第8歳 -子役編-(3)

2013年2月21日(木)

 今回でドラマのさつえいは三個目です。前のドラマはアクションドラマでしたが、今のドラマは家族ドラマです。かみの毛が茶色な私はかみの毛を黒くしないといけませんでした。今日の顔合わせで、お父さん役の方は私のかみの色を見て、びっくりしてました。お母さん役の方はダメなお母さんを演じるためにお酒をいっぱい飲んできたらしいです。死にそうな顔をしていました。大変そうでした。弟役の子はちゅっぱという子で一個下の子でした。彼は台本をあまり覚えてきておらず、後ろにいるしつじに助けてもらってました。役者としての自覚が足りないと思います。ダメな子です。もちろん、私はぜんぶ覚えていきました。


 

2013年3月7日(木)

 ようやく、一話分をとり終えました。一話目は、この一家のお母さん役にスポットライトが当たる話でした。お母さんは家を出て行く前に、私のことをだっこしました。私のお母さんはもう居ないので、だっこされるのはすごく不思議な気持ちでした。

 それと、びっくりしたことがありました。ちゅっぱさんが弟役の演技がうまかったことです。とにかく自然体でした。ちょっと自由ほん放で、けど人にやさしく、周りをよく見る役が、すごく板についていました。私はあんなに自然にふるまえているのか不安です。次はちゅっぱさんに勇気を出して声をかけてみようとおもいます。何か努力している所があれば、それを取り入れていこうと思います。



2013年3月18日(月)

 二話目をとり終えました。今回はお父さん役の主役回です。ひどい親、だけど、あい情は残っていて……という感じです。とてもむずかしい役でしたが演じきっていました。聞いた話では、台本から自分で過去を想像してノート一冊分書いたらしいです。
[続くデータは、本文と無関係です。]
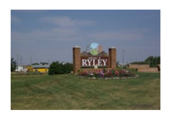
BEAVER COUNTY Bylaw 08-943 (amended by Bylaw 12-998)

VILLAGE OF RYLEY Bylaw 2008-882 (amended in 2012)
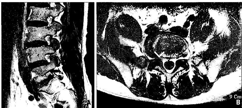
Fig. 1. Magnetic resonance image of a 50-year-old male with right L5 radiculopathy. A : Parasagittal T1-weighted image showing foraminal stenosis with circumferential loss of perineural fat signal at the L5S1 neuroforamen (arrows) compared with intense fat signal at the adjacent levels. B : Axial T1-weighted image revealing diminished sized right L5S1 foramen (arrow head).
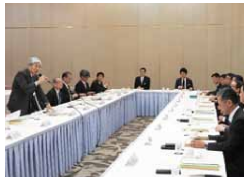
Regional Industry Vitalization Committee (Mie)

To achieve this goal, Chukeiren encourages dialogue that takes place in various parts of Central Japan – such as the Regional Industry Vitalization Committee and round-table conferences by regional members – and liaises committees of different domains. Chukeiren also executes various efforts for stronger wide-area collaborations. Some such examples are making recommendations and requests in the business succession of SMEs, regulatory and systemic reforms, IT-based productivity enhancement, and promotion of traditional crafts in cooperation with producers and relevant parties.
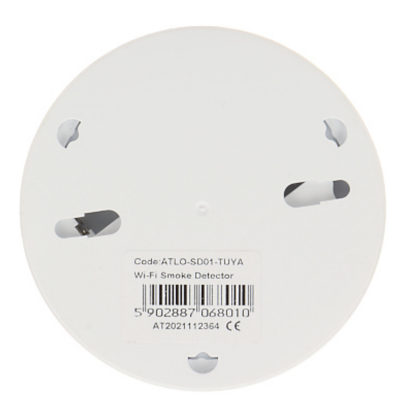
Place for batteries 2 x 1.5V AAA:

Code: ATLO-SD01-TUYA WIRELESS SMOKE DETECTOR ATLO-SD01-TUYA Wi-Fi, Tuya Smart
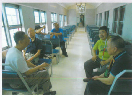
弟兄組探訪新組員兼坐在舊火車卡上懷念一番 Brothers Fellowship Group members visited new members, while sitting on a train cabin in Tai Po Railway Museum
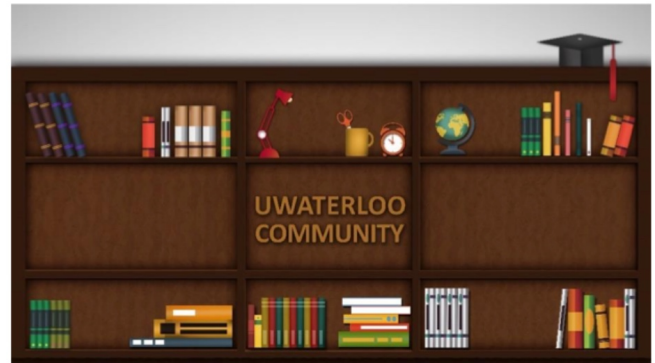
Figure 2. Our experimental platform was based on the concept of a bookshelf that passing students could consult for information such as bus schedules, nearby study spaces, and line-ups at nearby cafes.

Our design uses a bookshelf metaphor (Figure 2), where different types of information are presented as books. This design was chosen based on a number of useful properties: it allows
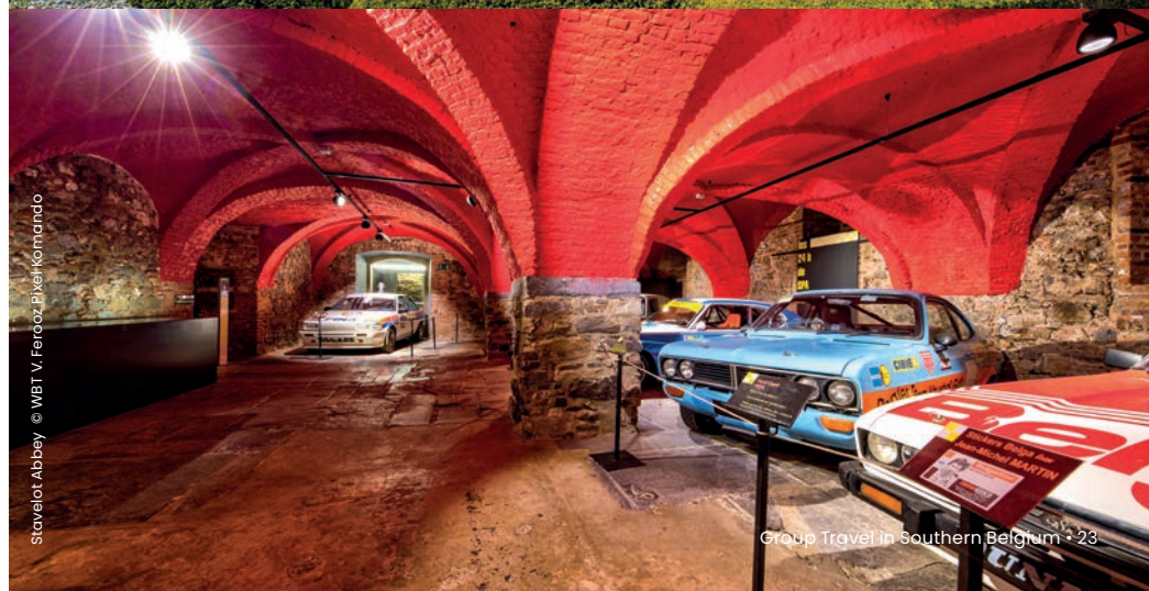
Stavelot Abbey
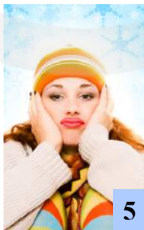
Life is hard.

描かれていない過去を自分で描くことでこれだけ深い演技になったのだと分かりました。これは取り入れるべきでしょう。

 ちゅっぱ君にも話を聞きました。ちゅっぱ君は兄で、下に妹がいるらしいです。なのに弟の役がうまいのはどうして?と聞いたら分からないと言われました。練習もあまりしていないらしいです。うそはついてなさそうでした。これが才能というものなんでしょうか?すごく腹が立ちます。けど、私には一位になるという夢があります。絶対負ける訳にはいきません。次は私の主役回です。私の演技で見てる人を全員とりこにしてやります!


 

2013年4月2日(火)

 台本はばっちり覚えていきました。家ではかなり練習したし、おとー様に演技指導をしてもらいました。おとー様を頼るのは初めてなので、おとー様はすごくびっくりしてましたが、やさしく教えてくれました。ちょっと嬉しそうにしてたのは印象的でした。無理はするなよと声をかけてもらいましたが、ちゅっぱ君に実力の差を見せつけてやるために頑張りました。本番では一回も間違わずに長文のセリフが言えたし、感情の込め方がよかったとADに褒めてもらえました。ちゅっぱ君も舌を巻いて私の演技を見ていました。そして、ちょっと興奮気味に「すごいね」と言ってました。そうでしょう、そうでしょう。ふふん、次はちゅっぱ君の番です。どうなるでしょうか。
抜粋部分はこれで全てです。